_Dataset records_:
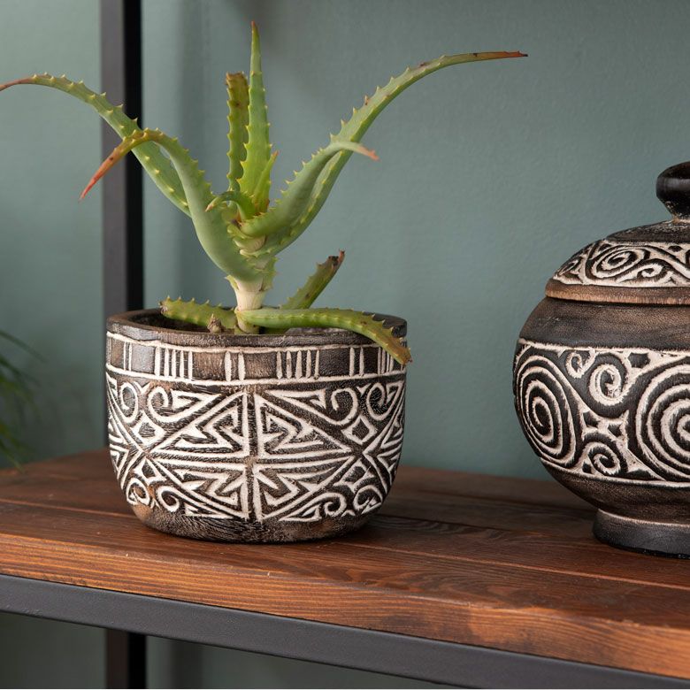 植木鉢 BOHO エスニック アジアン 民族 トライバル アフリカン プランターカバー プランター ポット Sサイズ 木製 ウッド スンバ W 15cm D 15cm H 10.5cm [13940-s]【 ハンドメイド オブジェ 木彫り 彫刻 カービング 鉢 観葉植物 グリーン フラワー ボヘミアン コースタル モダン おしゃれ アジアン雑貨 リゾート バリ島 】
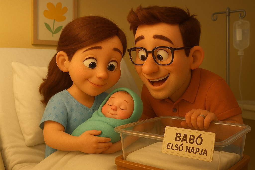 Apa végig ott volt Anya mellett. Fogta a kezét, bátorította, és néha együtt nevettek, néha csendben csak egymásra néztek. Együtt várták Babót. Az idő hol gyorsan, hol lassan telt, de végül eljött a pillanat.
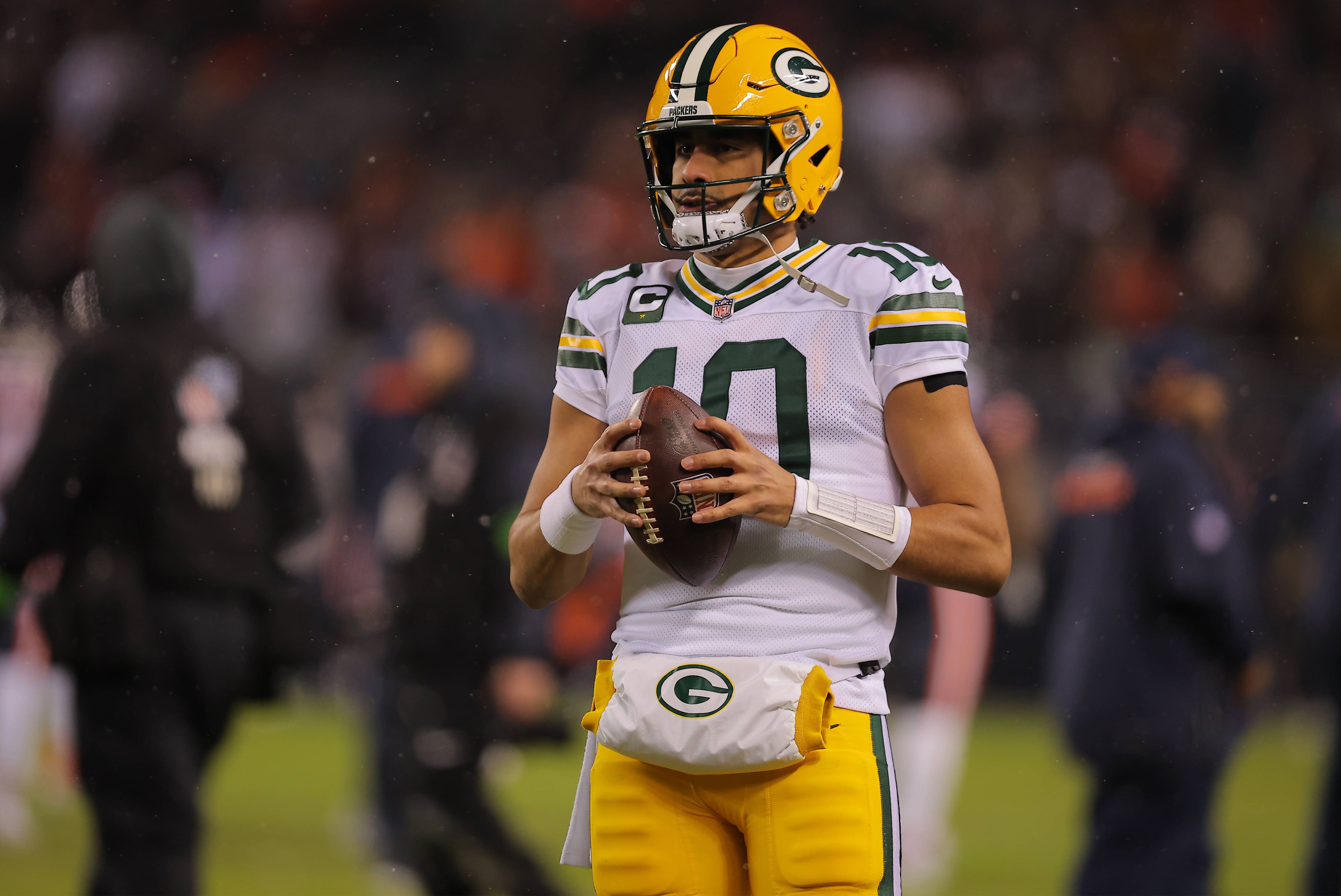 CHICAGO, IL - JANUARY 10: Jordan Love 10 of the Green Bay Packers prior to a NFC Wild Card Playoff game against the Chicago Bears on January 10, 2026 at Soldier Field in Chicago, Illinois. (Photo b...
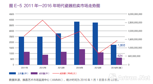 明清瓷器作為瓷雜板塊的中堅(jiān)力量,自市場(chǎng)進(jìn)入調(diào)整期以來(lái),其表現(xiàn)一直不溫不火。雅昌藝術(shù)市場(chǎng)監(jiān)測(cè)中心(AMMA)在《2015 年秋拍中國(guó)藝術(shù)品市場(chǎng)調(diào)查報(bào)告》中明確提出明清瓷器價(jià)值將得到回歸,這一點(diǎn)在2016 年春拍市場(chǎng)中也得到了正確并合理的驗(yàn)證。在2016 年香港佳士得“三十周年志慶拍賣(mài):世紀(jì)珍藏”專(zhuān)場(chǎng)中,一件“明宣德 青花五爪云龍紋大罐”以1.34 億元人民幣成交。此罐被認(rèn)為是“20 年來(lái)拍場(chǎng)出現(xiàn)的最好瓷器”,在傳世的明宣德青花瓷器中,相似形制的目前僅發(fā)現(xiàn)三件。這件瓷器也成為2016 年春拍市場(chǎng)“中國(guó)藝術(shù)品高價(jià)成交TOP10”榜單中唯一一件瓷器作品。
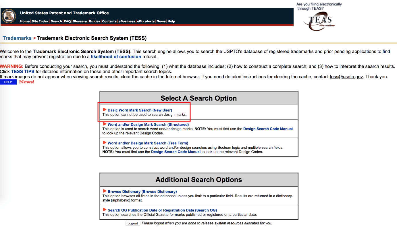 TESS では画面中央の Basic Word Mark Search (New User) をクリック(下図の赤線)。
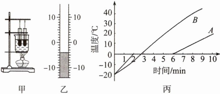 4. 在“探究物质熔化规律”的实验中,某同学将质量相等的冰和石蜡分别装在两个相同的试管中,并放在同一个装有水的大烧杯中进行加热,如图甲所示。根据实验数据绘制的温度随时间变化的图像如图丙所示。请回答下列问题:

_Work to complete_:
All of the entries above are to be written out exactly, with no pictures.

_Response to this task_:
 植木鉢 BOHO エスニック アジアン 民族 トライバル アフリカン プランターカバー プランター ポット Sサイズ 木製 ウッド スンバ W 15cm D 15cm H 10.5cm [13940-s]【 ハンドメイド オブジェ 木彫り 彫刻 カービング 鉢 観葉植物 グリーン フラワー ボヘミアン コースタル モダン おしゃれ アジアン雑貨 リゾート バリ島 】
 Apa végig ott volt Anya mellett. Fogta a kezét, bátorította, és néha együtt nevettek, néha csendben csak egymásra néztek. Együtt várták Babót. Az idő hol gyorsan, hol lassan telt, de végül eljött a pillanat.
 CHICAGO, IL - JANUARY 10: Jordan Love 10 of the Green Bay Packers prior to a NFC Wild Card Playoff game against the Chicago Bears on January 10, 2026 at Soldier Field in Chicago, Illinois. (Photo b...
 明清瓷器作為瓷雜板塊的中堅(jiān)力量,自市場(chǎng)進(jìn)入調(diào)整期以來(lái),其表現(xiàn)一直不溫不火。雅昌藝術(shù)市場(chǎng)監(jiān)測(cè)中心(AMMA)在《2015 年秋拍中國(guó)藝術(shù)品市場(chǎng)調(diào)查報(bào)告》中明確提出明清瓷器價(jià)值將得到回歸,這一點(diǎn)在2016 年春拍市場(chǎng)中也得到了正確并合理的驗(yàn)證。在2016 年香港佳士得“三十周年志慶拍賣(mài):世紀(jì)珍藏”專(zhuān)場(chǎng)中,一件“明宣德 青花五爪云龍紋大罐”以1.34 億元人民幣成交。此罐被認(rèn)為是“20 年來(lái)拍場(chǎng)出現(xiàn)的最好瓷器”,在傳世的明宣德青花瓷器中,相似形制的目前僅發(fā)現(xiàn)三件。這件瓷器也成為2016 年春拍市場(chǎng)“中國(guó)藝術(shù)品高價(jià)成交TOP10”榜單中唯一一件瓷器作品。
 TESS では画面中央の Basic Word Mark Search (New User) をクリック(下図の赤線)。
 4. 在“探究物质熔化规律”的实验中,某同学将质量相等的冰和石蜡分别装在两个相同的试管中,并放在同一个装有水的大烧杯中进行加热,如图甲所示。根据实验数据绘制的温度随时间变化的图像如图丙所示。请回答下列问题:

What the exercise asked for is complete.